Garrha rufimaculella

Scientific classification
- Kingdom: Animalia
- Phylum: Arthropoda
- Clade: Pancrustacea
- Class: Insecta
- Order: Lepidoptera
- Family: Oecophoridae
- Genus: Garrha
- Species: G. rufimaculella
- Binomial name: Garrha rufimaculella (Turner, 1896)
- Synonyms: Hoplitica rufimaculella Turner, 1896;

= Garrha rufimaculella =

- Authority: (Turner, 1896)
- Synonyms: Hoplitica rufimaculella Turner, 1896

Species of moth

Garrha rufimaculella is a moth in the family Oecophoridae. It was described by Alfred Jefferis Turner in 1896. It is found in Australia, where it has been recorded from Queensland.

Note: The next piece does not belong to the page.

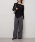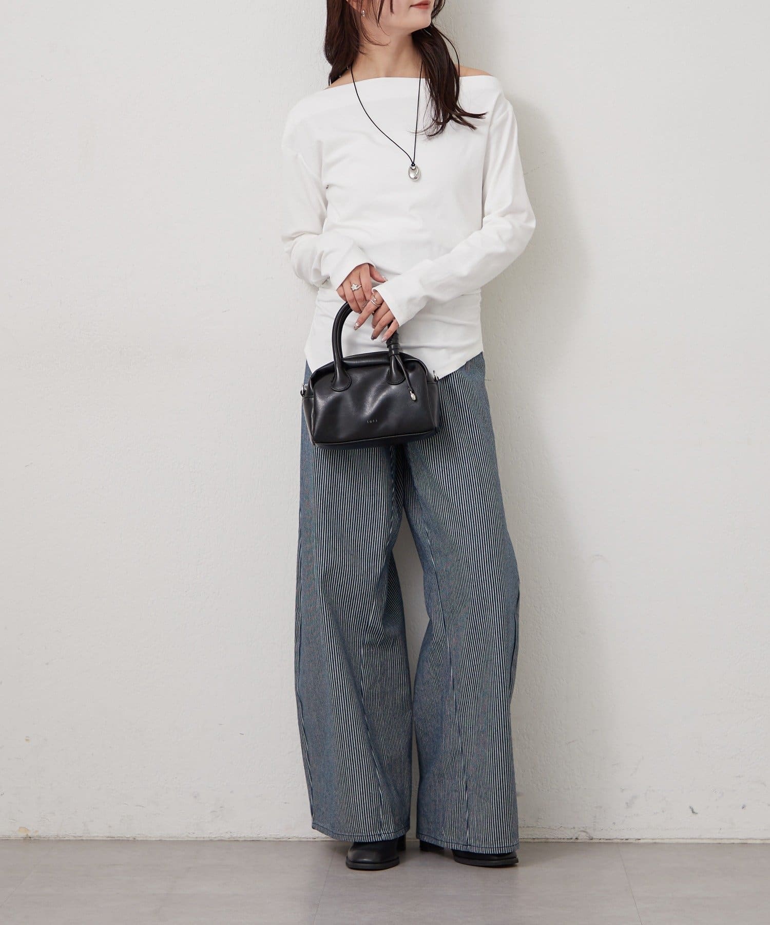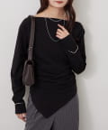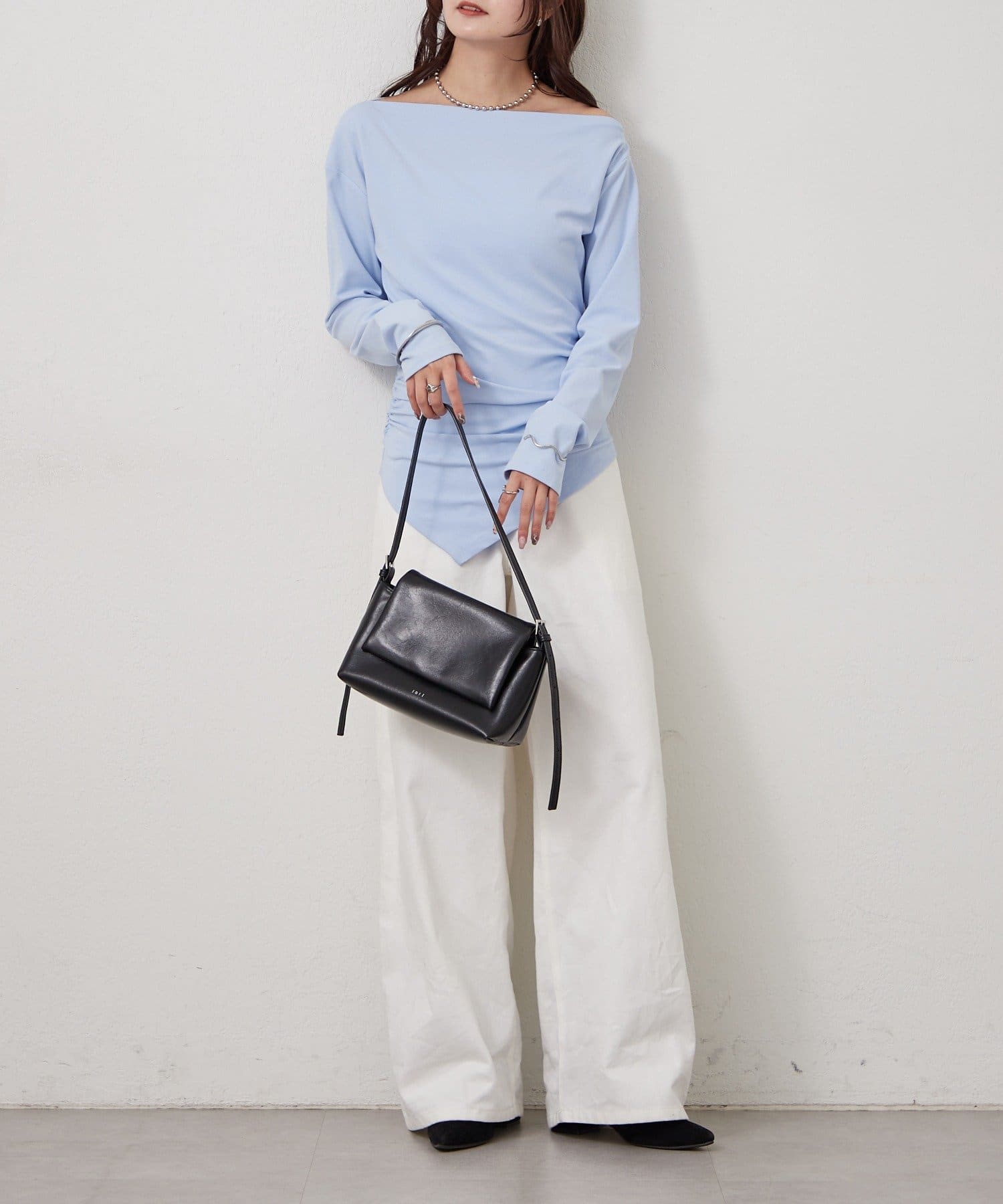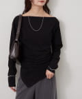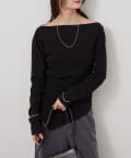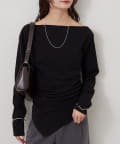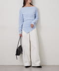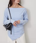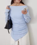 ・程よく肩が落ちるオフショルデザインで、女性らしさと抜け感を演出。

The wingspan is about 19 mm. The forewings are pinkish-ochreous, with scattered scales of a deeper pink forming indistinct markings and a dot in the disc before the middle, a second beyond the middle and a faintly indicated line from the middle of the costa obliquely outwards, sharply bent in the disc at five sixths, and continued parallel to the hindmargin to the inner-margin before the anal angle. There are many faint pink dots along the hindmargin, and in the disc showing a tendency to form anterior and median lines. The hindwings are whitish, tinged with grey towards the hindmargin.